The task
Of the entries below, return exactly those lines that fall between the one containing "An important role" and the one containing "The largest room", the two end lines included.

Record extracts
------------------------------------------------------------

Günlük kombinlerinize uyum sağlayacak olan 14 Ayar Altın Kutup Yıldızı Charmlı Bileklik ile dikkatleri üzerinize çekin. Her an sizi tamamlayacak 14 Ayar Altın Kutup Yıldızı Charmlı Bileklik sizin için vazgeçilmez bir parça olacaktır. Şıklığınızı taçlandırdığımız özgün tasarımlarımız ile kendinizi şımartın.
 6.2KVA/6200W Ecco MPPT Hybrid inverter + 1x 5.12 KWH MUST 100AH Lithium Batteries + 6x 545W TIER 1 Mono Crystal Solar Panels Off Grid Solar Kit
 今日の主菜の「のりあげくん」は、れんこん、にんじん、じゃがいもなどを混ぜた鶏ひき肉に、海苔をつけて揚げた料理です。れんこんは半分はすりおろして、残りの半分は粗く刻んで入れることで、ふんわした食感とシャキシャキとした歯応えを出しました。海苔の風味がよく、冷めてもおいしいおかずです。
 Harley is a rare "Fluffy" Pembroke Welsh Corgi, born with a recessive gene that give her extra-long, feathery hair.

------------------------------------------------------------

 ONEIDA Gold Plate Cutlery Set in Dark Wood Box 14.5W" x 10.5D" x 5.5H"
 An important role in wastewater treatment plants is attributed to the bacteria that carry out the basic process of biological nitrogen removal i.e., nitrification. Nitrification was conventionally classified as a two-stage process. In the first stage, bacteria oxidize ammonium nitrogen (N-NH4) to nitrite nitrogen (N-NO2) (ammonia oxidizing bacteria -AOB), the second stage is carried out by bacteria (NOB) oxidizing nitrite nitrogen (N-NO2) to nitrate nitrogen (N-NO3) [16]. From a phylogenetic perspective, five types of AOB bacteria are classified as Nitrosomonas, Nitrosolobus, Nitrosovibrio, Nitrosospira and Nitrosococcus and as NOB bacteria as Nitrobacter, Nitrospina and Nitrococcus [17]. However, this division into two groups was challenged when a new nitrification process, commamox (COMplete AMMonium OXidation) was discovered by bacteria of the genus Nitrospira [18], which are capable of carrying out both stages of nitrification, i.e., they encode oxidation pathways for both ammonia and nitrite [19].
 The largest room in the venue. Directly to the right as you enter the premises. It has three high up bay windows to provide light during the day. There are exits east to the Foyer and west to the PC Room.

------------------------------------------------------------

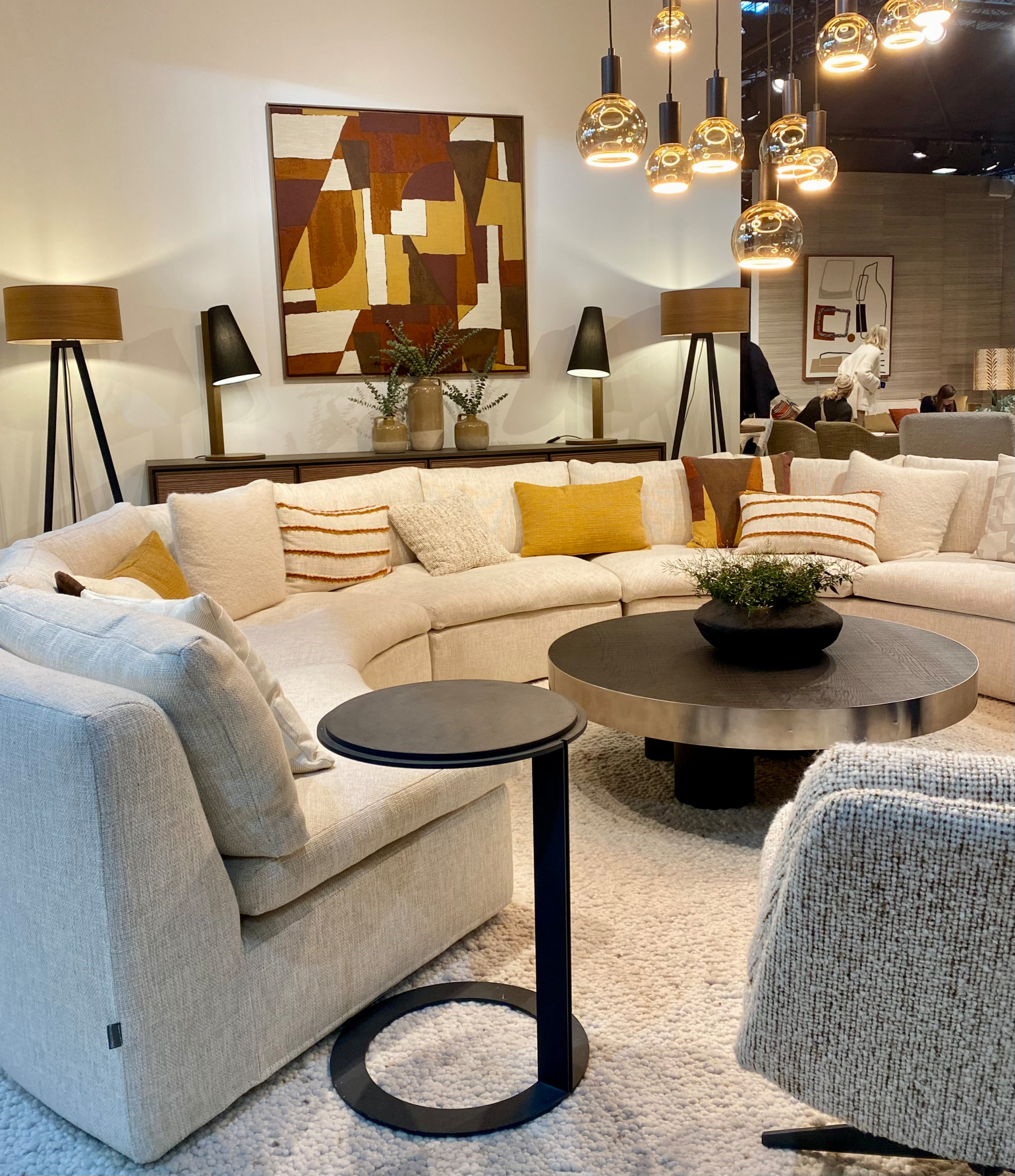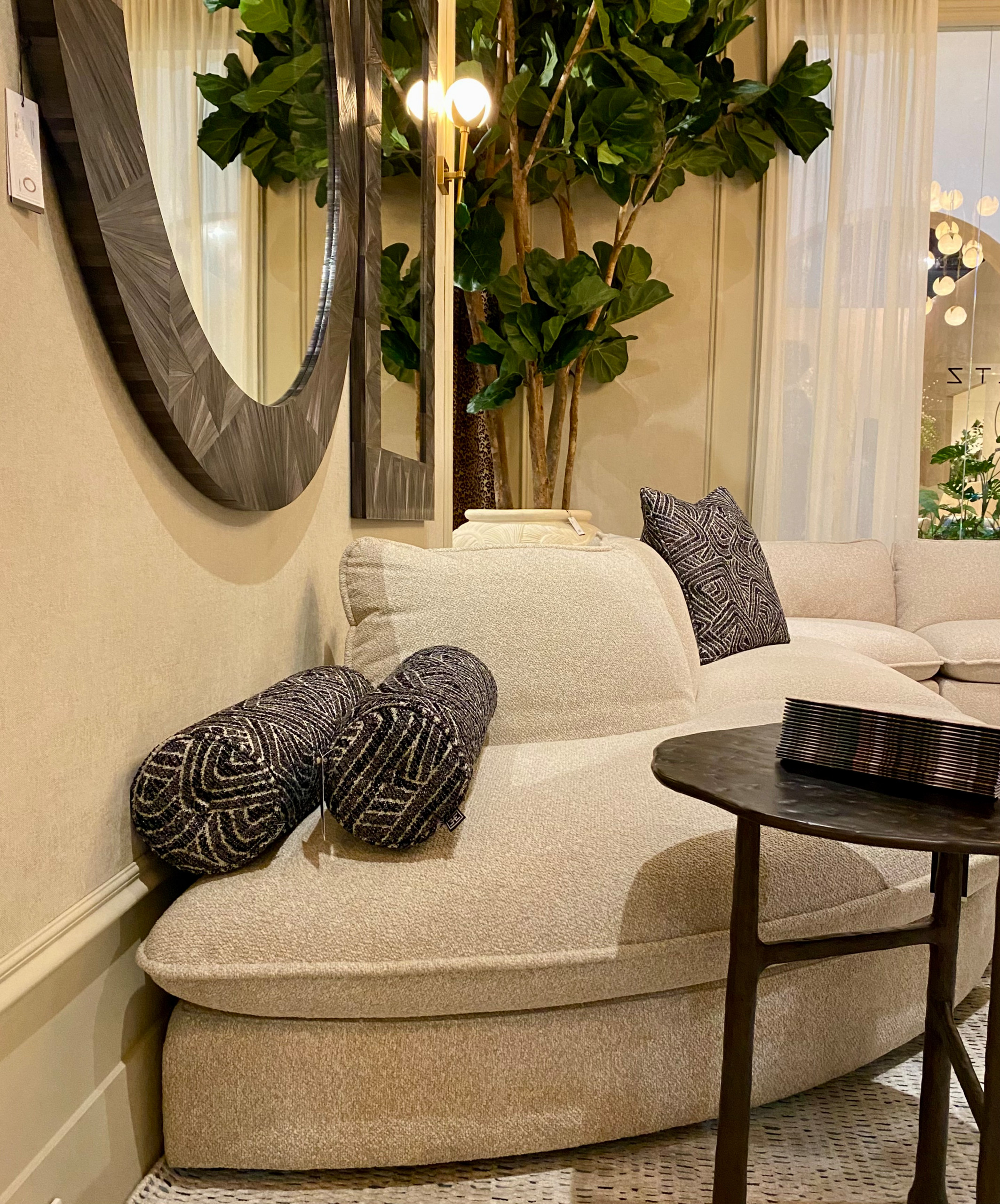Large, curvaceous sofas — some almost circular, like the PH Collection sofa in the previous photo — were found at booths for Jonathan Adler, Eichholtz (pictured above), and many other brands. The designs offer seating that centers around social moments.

------------------------------------------------------------

Answer to the problem
 An important role in wastewater treatment plants is attributed to the bacteria that carry out the basic process of biological nitrogen removal i.e., nitrification. Nitrification was conventionally classified as a two-stage process. In the first stage, bacteria oxidize ammonium nitrogen (N-NH4) to nitrite nitrogen (N-NO2) (ammonia oxidizing bacteria -AOB), the second stage is carried out by bacteria (NOB) oxidizing nitrite nitrogen (N-NO2) to nitrate nitrogen (N-NO3) [16]. From a phylogenetic perspective, five types of AOB bacteria are classified as Nitrosomonas, Nitrosolobus, Nitrosovibrio, Nitrosospira and Nitrosococcus and as NOB bacteria as Nitrobacter, Nitrospina and Nitrococcus [17]. However, this division into two groups was challenged when a new nitrification process, commamox (COMplete AMMonium OXidation) was discovered by bacteria of the genus Nitrospira [18], which are capable of carrying out both stages of nitrification, i.e., they encode oxidation pathways for both ammonia and nitrite [19].
 The largest room in the venue. Directly to the right as you enter the premises. It has three high up bay windows to provide light during the day. There are exits east to the Foyer and west to the PC Room.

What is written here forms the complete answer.